=== Begin Enclosure ===

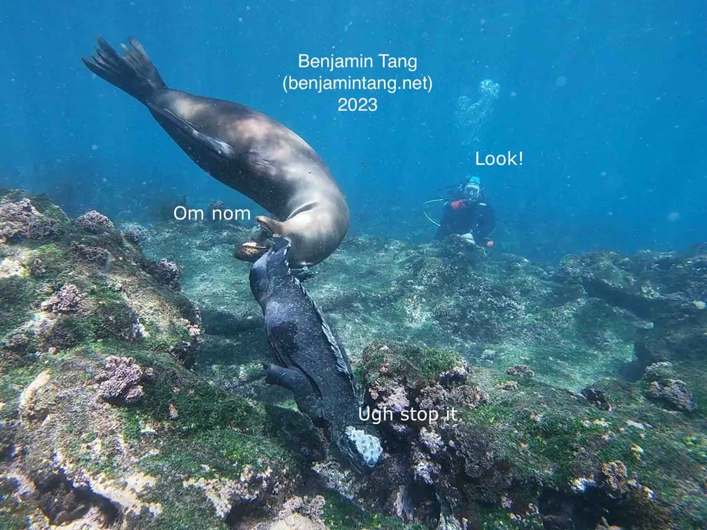 Day 5, we went down to the western side of Isla Isabella and Ferndandina, to a bay called Vicente Roca. Here is is a more secluded, sheltered bay, with colder water, as opposed to an exposed rock in the middle of the ocean such as Wolf and Darwin. It is here that we saw the diving penguins. Photos don’t do it justice, so I’ve embedded it below. You don’t usually see birds underwater!
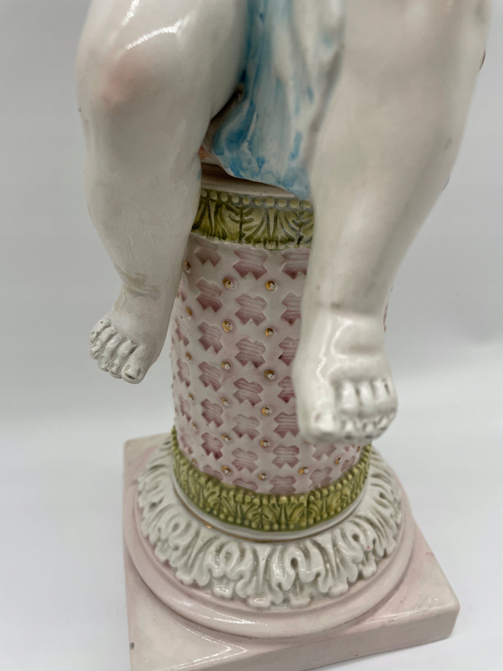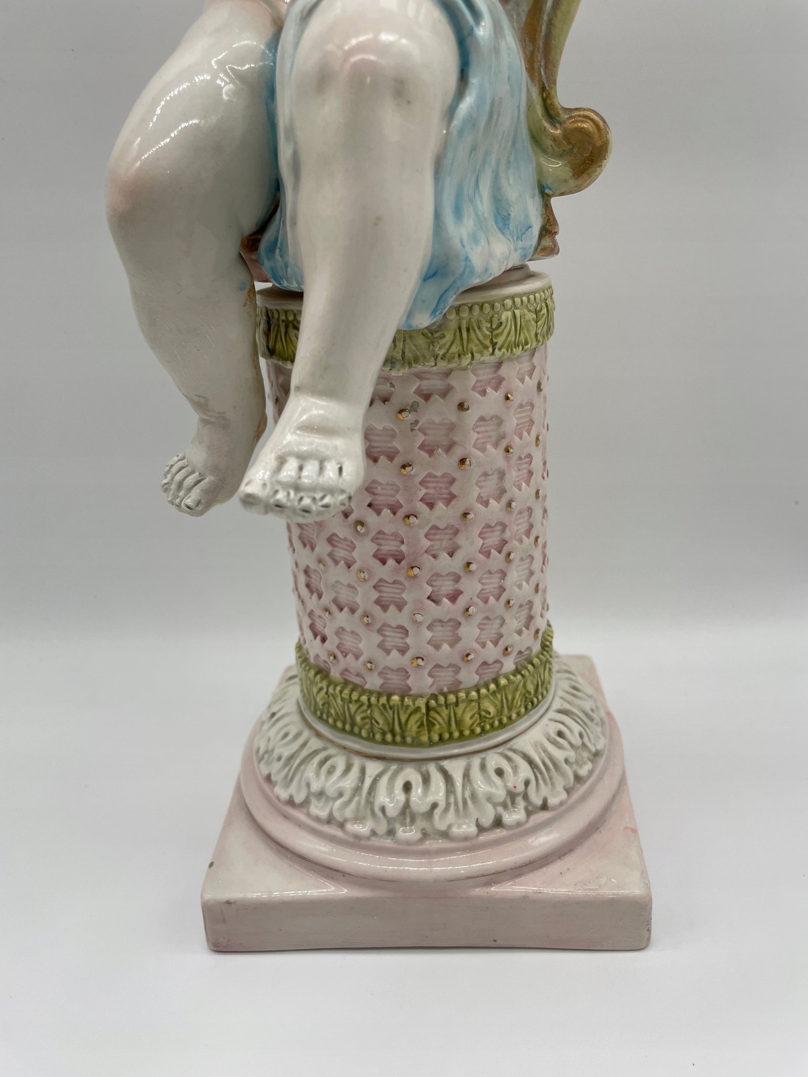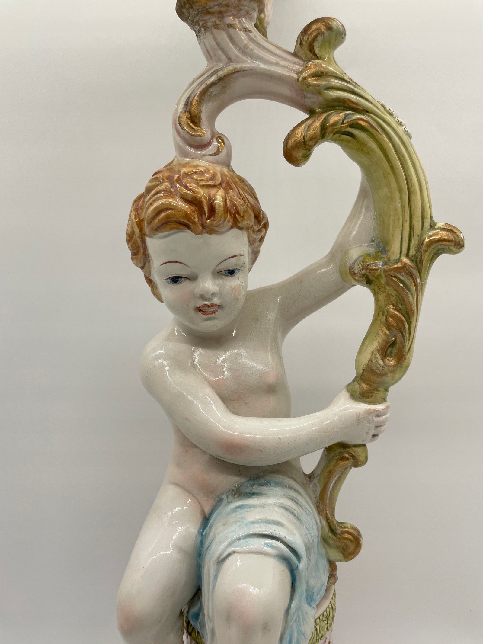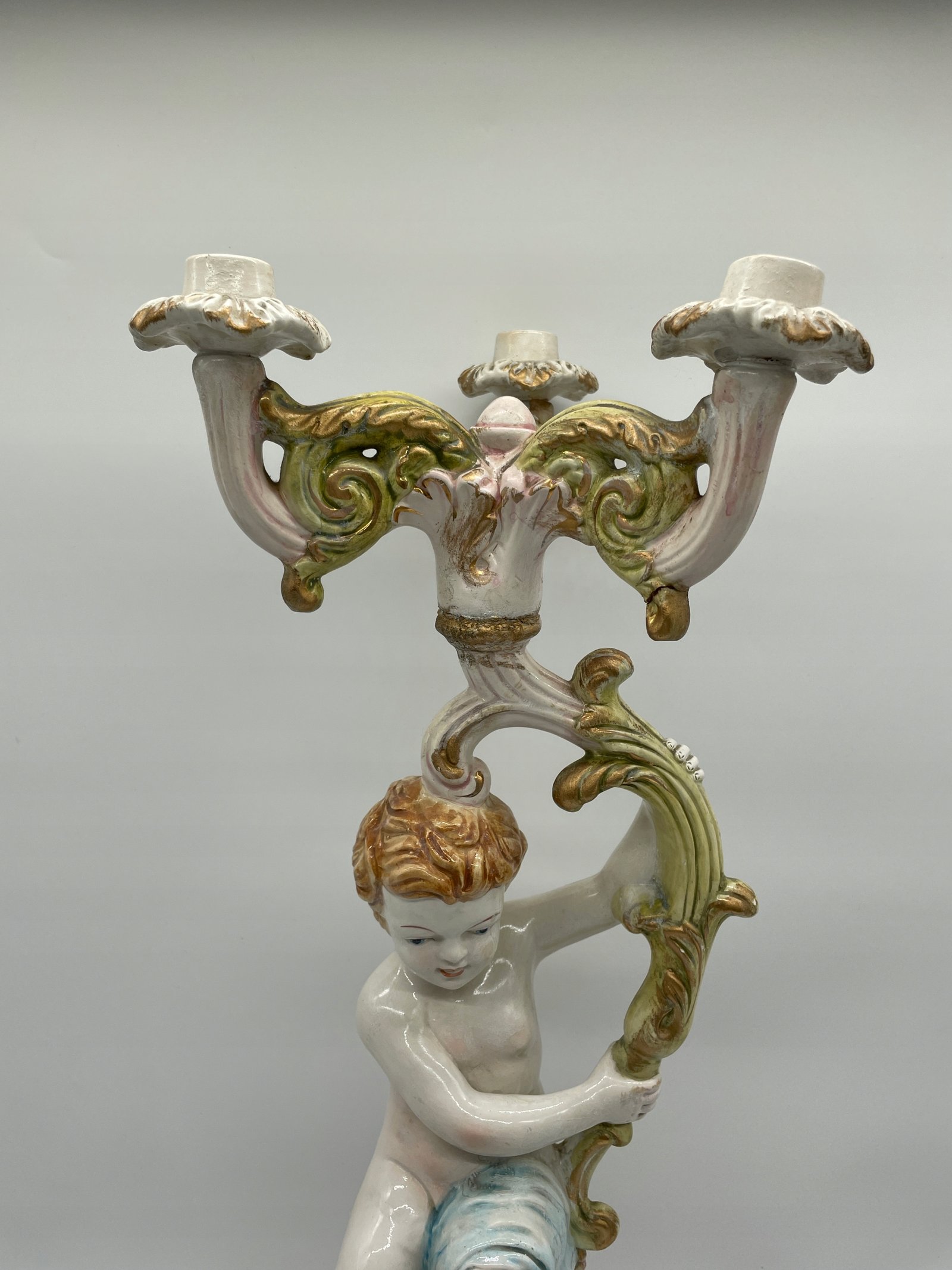 Imponujący duży porcelanowy świecznik trójramienny, ozdobiony dopracowaną figurką chłopca siedzącego na kolumnie i trzymającego ozdobny, złocony element w kształcie łuku. Kompozycję uzupełnia wyrafinowany dekor roślinny oraz staranna malatura w delikatnych pastelowych barwach. Złocone akcenty podkreślają wartość dekoracyjną przedmiotu. Dzięki okazałej wysokości będzie wyrazistym centrum wnętrza i przyciągnie uwagę zarówno w aranżacji klasycznej, jak i romantycznej.
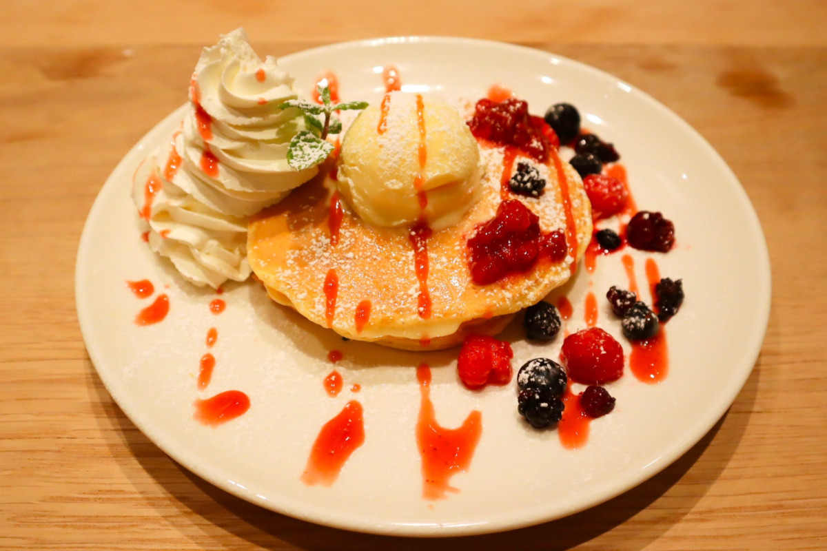 イタリアンレストラン「TO THE HERBS CAFE & PASTA」が、ディアモール大阪にオープンして1カ月がたった。3種類のベリーをのせたパンケーキ
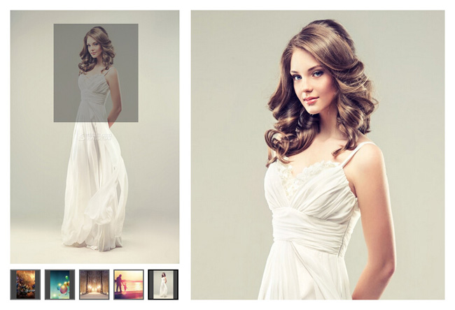 jquery图片放大镜插件是一款简单实用的jQuery图片放大镜效果,点击缩略图可以切换大图,鼠标划过大图出现放大镜图片,可拖动放大镜区域查看图片细节,类似淘宝放大镜代码,适用于电子商务网站使用。
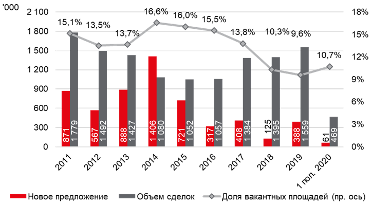 Динамика нового предложения, вакантности и объема сделок
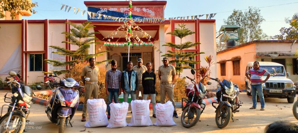 ଏଥର ସମ୍ଭାଳ ଗୁଡ଼ାରୀ : ରାୟଗଡ଼ା ଜିଲ୍ଲା ଗୁଡ଼ାରୀ ପୋଲିସ୍ କୁ ମିଳିଛି ବଡ଼ ସଫଳତା । ୬୩ କେଜି ଗଞ୍ଜେଇ ୩ଗୋଟି ବାଇକ୍ ଓ ଗୋଟିଏ ସ୍କୁଟି ସହ ୩ ଜଣ ସଂପୃକ୍ତ ବ୍ୟକ୍ତିଙ୍କୁ ଗିରଫ କରି ୧୦ତାରିଖ ସନ୍ଧ୍ୟା ୫. ଘଣ୍ଟା ସମୟରେ କୋର୍ଟ ଚାଲାଣ କରିଛି । ଏକ ବିଶେଷ ସୂତ୍ରରୁ ଖବର ପାଇ ଗୁଡ଼ାରୀ ଥାନା ଓ ଗୁମୁଡା ଫାଣ୍ଡିର ମିଳିତ ଉଦ୍ୟମରେ ପଦ୍ମପୁର ବ୍ଲକ୍ ଅନ୍ତର୍ଗତ ଡେରୀଙ୍ଗା ଗ୍ରାମ ପଞ୍ଚାୟତ ଜଇର ପାଙ୍ଗା ନିକଟରେ ପେଟ୍ରୋଲିଂ କରୁଥିବା ସମୟରେ ତିନିଗୋଟି ବାଇକ୍ ସହ ଗୋଟିଏ ସ୍କୁଟି ଯୋଗେ ଛଅ ଜଣ ବ୍ୟକ୍ତି ଆସୁଥିବା ଦେଖି କୌଶଳ କ୍ରମେ ଗାଡ଼ିକୁ ଅଟକାଇ ଯାଞ୍ଚ୍ କରିବା ସମୟରେ ୬୩ କେଜି ଗଞ୍ଜେଇ ତିନିଗୋଟି ବାଇକ୍, ଏକ ସ୍କୁଟି ଜବତ୍ ସହ ତିନିଜଣ ସଂପୃକ୍ତ ବ୍ୟକ୍ତିଙ୍କୁ ଗିରଫ କରିଥିବା ବେଳେ ଆଉ ତିନି ଜଣ ଫେରାର ହୋଇଥିବା ଅତିରିକ୍ତ ଥାନା ଅଧିକାରୀ ଶ୍ରୀଯୁକ୍ତ ରାଜେସ୍ୱର୍ ଶବର ସୂଚନା ଦେଇଛନ୍ତି । ସଂପୃକ୍ତ ୩ ଜଣ ବ୍ୟକ୍ତିଙ୍କୁ ଗୁଡ଼ାରୀ ଥାନା କେସ ନଂ୩/୨୩ଧାରା ୨୦(ଖ)(୨)(ଗ) ଏବଂ ଏନଡିପିସି ଆକ୍ଟ୍ର ଧାରା୨୫)୨୯ କ୍ରମେ କେସ ରୁଜୁ କରାଯାଇଥିବା ଥାନା ଅଧିକାରୀ ସୂଚନା ଦେଇଛନ୍ତି ।ଗଞ୍ଜେଇ ର ଆନୁମାନିକ ମୂଲ୍ୟ ୬ ଲକ୍ଷ ୩୦ହଜାର ହେବ ବୋଲି ଆକଳନ। କରାଯାଇଥିବା ବେଳେ ମାଜିଷ୍ଟେଟ୍ ଭାବେ ଅତିରିକ୍ତ ତହସିଲଦାର ଶ୍ରୀଯୁକ୍ତ ହୃଷିକେଶ ପଣ୍ଡା ଦାୟିତ୍ଵ ତୁଲାଇଥିଲେ । ଜବତ ବେଳେ ଥାନାର ଅତିରିକ୍ତ ଅଧିକାରୀ ଗୟା ମୁଦୀନ ଖାନ୍ ସହ ପୋଲିସ ବିଭାଗର ଅନ୍ୟ କର୍ମଚାରୀ ମାନେ ଉପସ୍ଥିତ ଥିଲେ ।
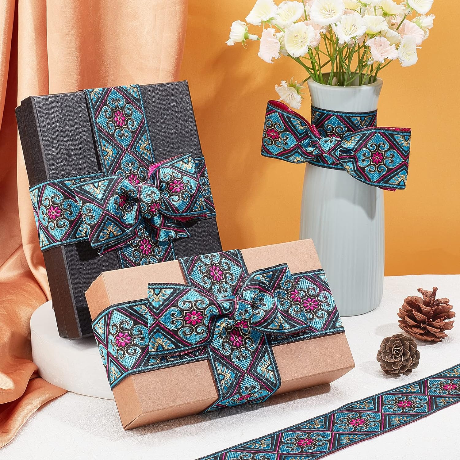 PH PandaHall 2 Inch Embroidered Woven Ribbon, 7 Yards Vintage Jacquard Ribbon Boho Flowers Straps Fabric Trim for Bohemian Persian Clothes Bag Holiday Christmas Decor Gift Wrap Decor
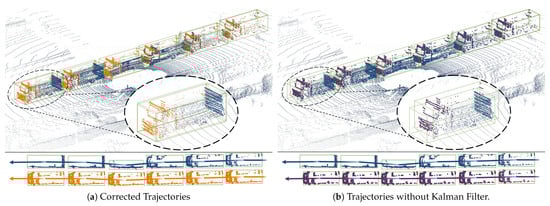 To further substantiate the efficacy of our scene flow estimatior, particularly emphasizing the improved localization accuracy provided by the Kalman filter, we include a set of visualization results. Figure 6 concretely demonstrates the scene flow estimation over extended sequences, revealing the trajectories and point cloud data before and after Kalman filter correction. Figure 6a,b illustrate the marked contrast in trajectory prediction and point cloud localization with and without the use of the Kalman filter. In Figure 6a, we observe the corrected trajectories that exhibit high coherence and precision, affirming the filter’s role in enhancing localization accuracy, especially in complex urban and highway scenarios. Conversely, Figure 6b highlights the discrepancies and increased localization errors when the Kalman filter is not employed. The bottom sections of both figures provide a clear side-by-side trajectory comparison, with the corrected paths presenting a compelling case for the Kalman filter’s impact. These visual comparisons not only bolster the quantitative results but also deliver qualitative, intuitive confirmation of our model’s improved performance in dynamic settings. The enhanced flow coherence and diminished error presented in these visual outcomes effectively address the reviewer’s call for more robust visual evidence, thus substantiating our claims of superior scene flow estimation capabilities.
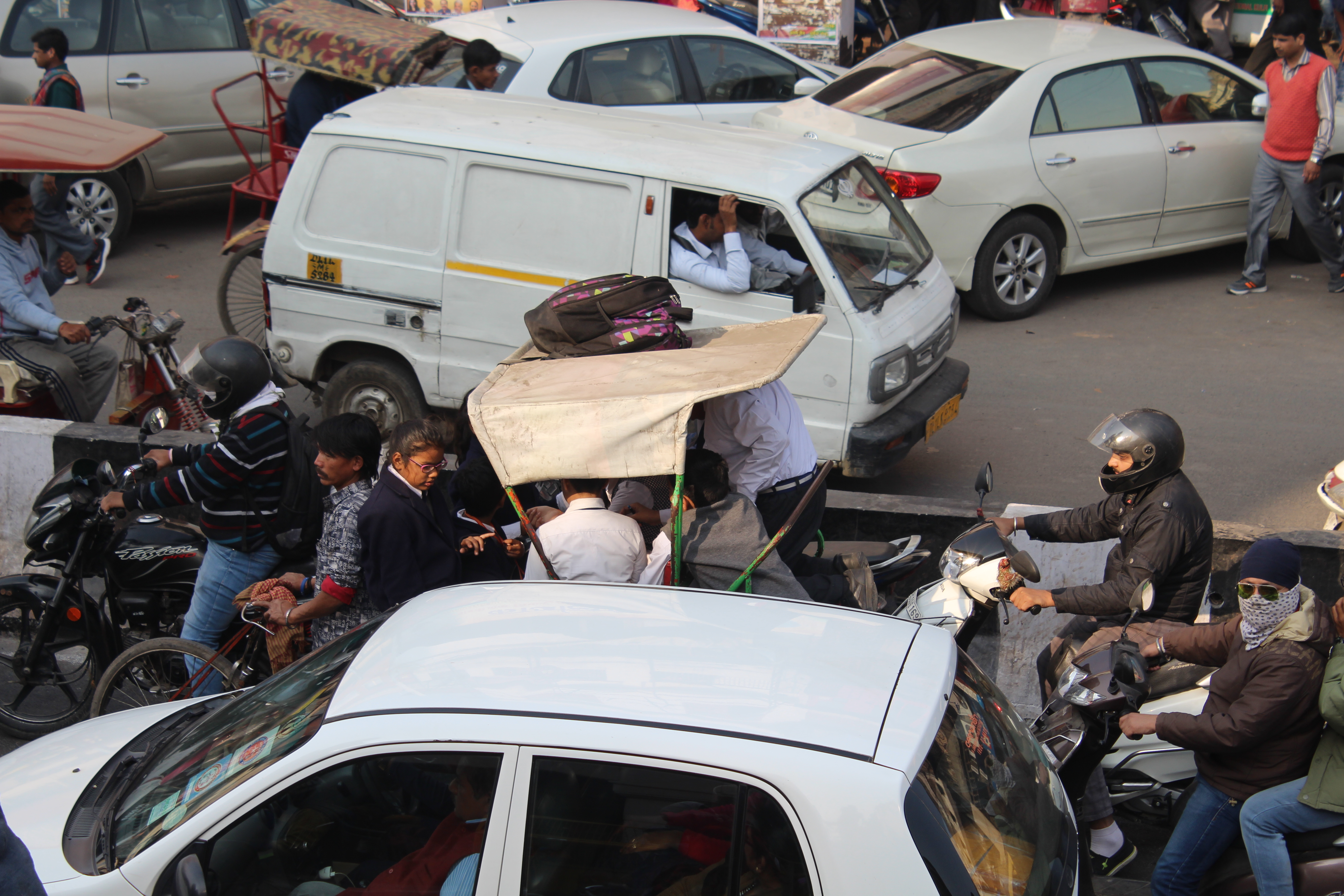 At least 15 kids jammed into a rickshaw (middle) on their way home from school.
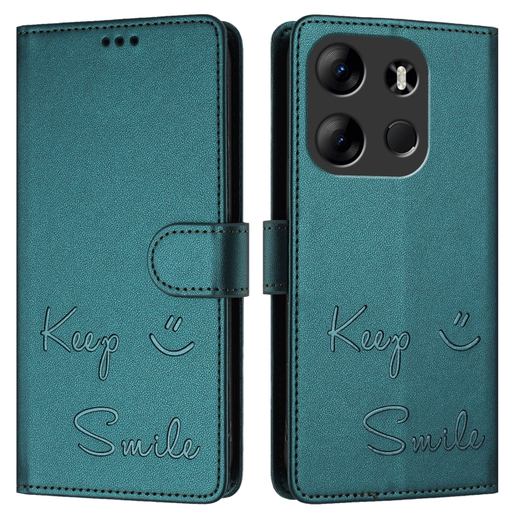 Funda de Cuero Rfid con Relieve Sonriente para Tecno Pop 7 y Pop 7 Pro (Verde Pavo Real)
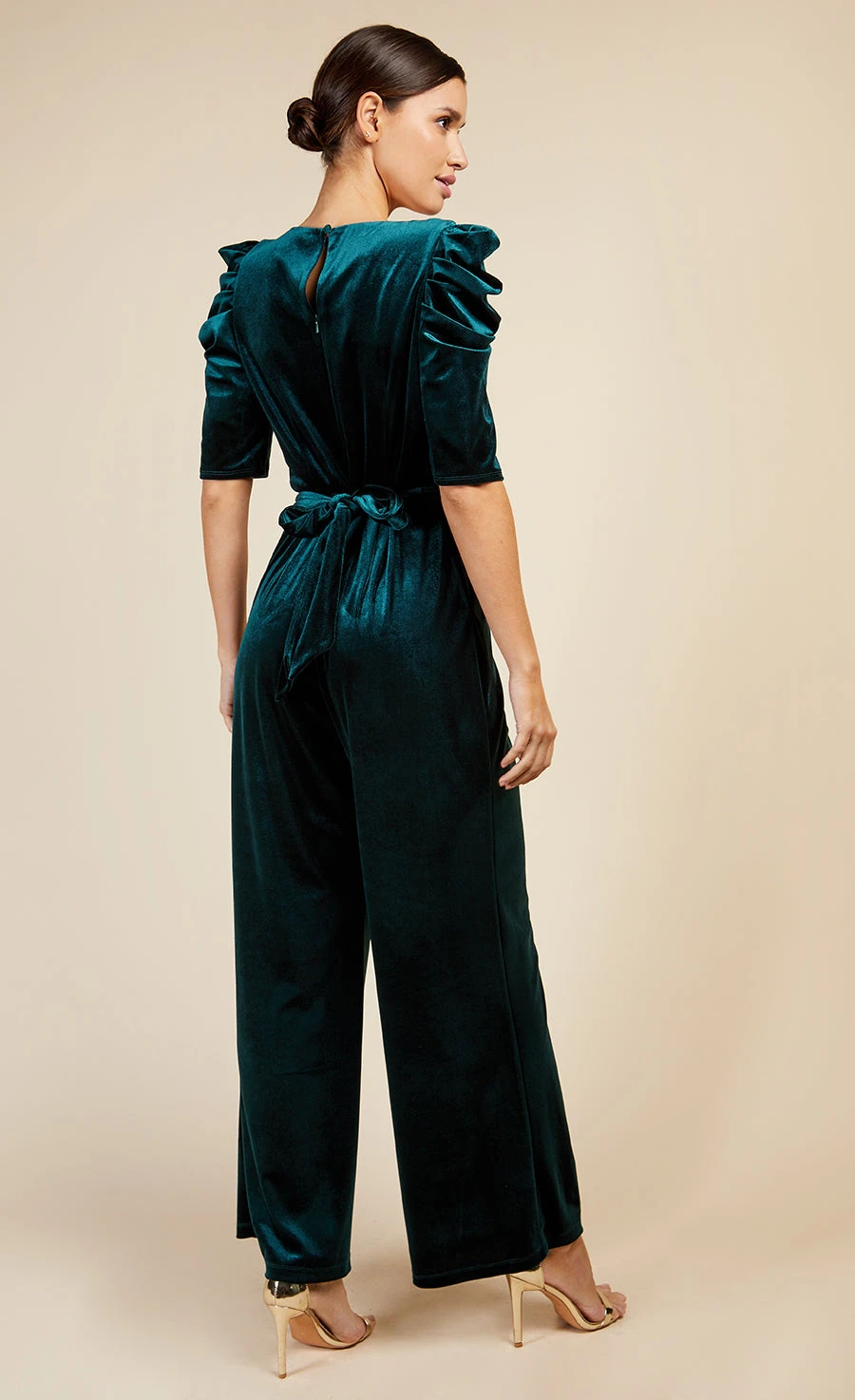 Crafted in a sumptuous green velvet, this jumpsuit is a party season showstopper. Statement puff sleeves, cross-over tie-waist detail and wide leg trousers will ensure all eyes are on you – simply add a clutch and strappy heels.

=== End Enclosure ===

Work request: In the entries above, every line from the line with "イタリアンレストラン「TO THE HERBS" to the line with "PH PandaHall 2" is to be printed exactly, with both ends included and pictures excluded.

Solution to the exercise:
 イタリアンレストラン「TO THE HERBS CAFE & PASTA」が、ディアモール大阪にオープンして1カ月がたった。3種類のベリーをのせたパンケーキ
 jquery图片放大镜插件是一款简单实用的jQuery图片放大镜效果,点击缩略图可以切换大图,鼠标划过大图出现放大镜图片,可拖动放大镜区域查看图片细节,类似淘宝放大镜代码,适用于电子商务网站使用。
 Динамика нового предложения, вакантности и объема сделок
 ଏଥର ସମ୍ଭାଳ ଗୁଡ଼ାରୀ : ରାୟଗଡ଼ା ଜିଲ୍ଲା ଗୁଡ଼ାରୀ ପୋଲିସ୍ କୁ ମିଳିଛି ବଡ଼ ସଫଳତା । ୬୩ କେଜି ଗଞ୍ଜେଇ ୩ଗୋଟି ବାଇକ୍ ଓ ଗୋଟିଏ ସ୍କୁଟି ସହ ୩ ଜଣ ସଂପୃକ୍ତ ବ୍ୟକ୍ତିଙ୍କୁ ଗିରଫ କରି ୧୦ତାରିଖ ସନ୍ଧ୍ୟା ୫. ଘଣ୍ଟା ସମୟରେ କୋର୍ଟ ଚାଲାଣ କରିଛି । ଏକ ବିଶେଷ ସୂତ୍ରରୁ ଖବର ପାଇ ଗୁଡ଼ାରୀ ଥାନା ଓ ଗୁମୁଡା ଫାଣ୍ଡିର ମିଳିତ ଉଦ୍ୟମରେ ପଦ୍ମପୁର ବ୍ଲକ୍ ଅନ୍ତର୍ଗତ ଡେରୀଙ୍ଗା ଗ୍ରାମ ପଞ୍ଚାୟତ ଜଇର ପାଙ୍ଗା ନିକଟରେ ପେଟ୍ରୋଲିଂ କରୁଥିବା ସମୟରେ ତିନିଗୋଟି ବାଇକ୍ ସହ ଗୋଟିଏ ସ୍କୁଟି ଯୋଗେ ଛଅ ଜଣ ବ୍ୟକ୍ତି ଆସୁଥିବା ଦେଖି କୌଶଳ କ୍ରମେ ଗାଡ଼ିକୁ ଅଟକାଇ ଯାଞ୍ଚ୍ କରିବା ସମୟରେ ୬୩ କେଜି ଗଞ୍ଜେଇ ତିନିଗୋଟି ବାଇକ୍, ଏକ ସ୍କୁଟି ଜବତ୍ ସହ ତିନିଜଣ ସଂପୃକ୍ତ ବ୍ୟକ୍ତିଙ୍କୁ ଗିରଫ କରିଥିବା ବେଳେ ଆଉ ତିନି ଜଣ ଫେରାର ହୋଇଥିବା ଅତିରିକ୍ତ ଥାନା ଅଧିକାରୀ ଶ୍ରୀଯୁକ୍ତ ରାଜେସ୍ୱର୍ ଶବର ସୂଚନା ଦେଇଛନ୍ତି । ସଂପୃକ୍ତ ୩ ଜଣ ବ୍ୟକ୍ତିଙ୍କୁ ଗୁଡ଼ାରୀ ଥାନା କେସ ନଂ୩/୨୩ଧାରା ୨୦(ଖ)(୨)(ଗ) ଏବଂ ଏନଡିପିସି ଆକ୍ଟ୍ର ଧାରା୨୫)୨୯ କ୍ରମେ କେସ ରୁଜୁ କରାଯାଇଥିବା ଥାନା ଅଧିକାରୀ ସୂଚନା ଦେଇଛନ୍ତି ।ଗଞ୍ଜେଇ ର ଆନୁମାନିକ ମୂଲ୍ୟ ୬ ଲକ୍ଷ ୩୦ହଜାର ହେବ ବୋଲି ଆକଳନ। କରାଯାଇଥିବା ବେଳେ ମାଜିଷ୍ଟେଟ୍ ଭାବେ ଅତିରିକ୍ତ ତହସିଲଦାର ଶ୍ରୀଯୁକ୍ତ ହୃଷିକେଶ ପଣ୍ଡା ଦାୟିତ୍ଵ ତୁଲାଇଥିଲେ । ଜବତ ବେଳେ ଥାନାର ଅତିରିକ୍ତ ଅଧିକାରୀ ଗୟା ମୁଦୀନ ଖାନ୍ ସହ ପୋଲିସ ବିଭାଗର ଅନ୍ୟ କର୍ମଚାରୀ ମାନେ ଉପସ୍ଥିତ ଥିଲେ ।
 PH PandaHall 2 Inch Embroidered Woven Ribbon, 7 Yards Vintage Jacquard Ribbon Boho Flowers Straps Fabric Trim for Bohemian Persian Clothes Bag Holiday Christmas Decor Gift Wrap Decor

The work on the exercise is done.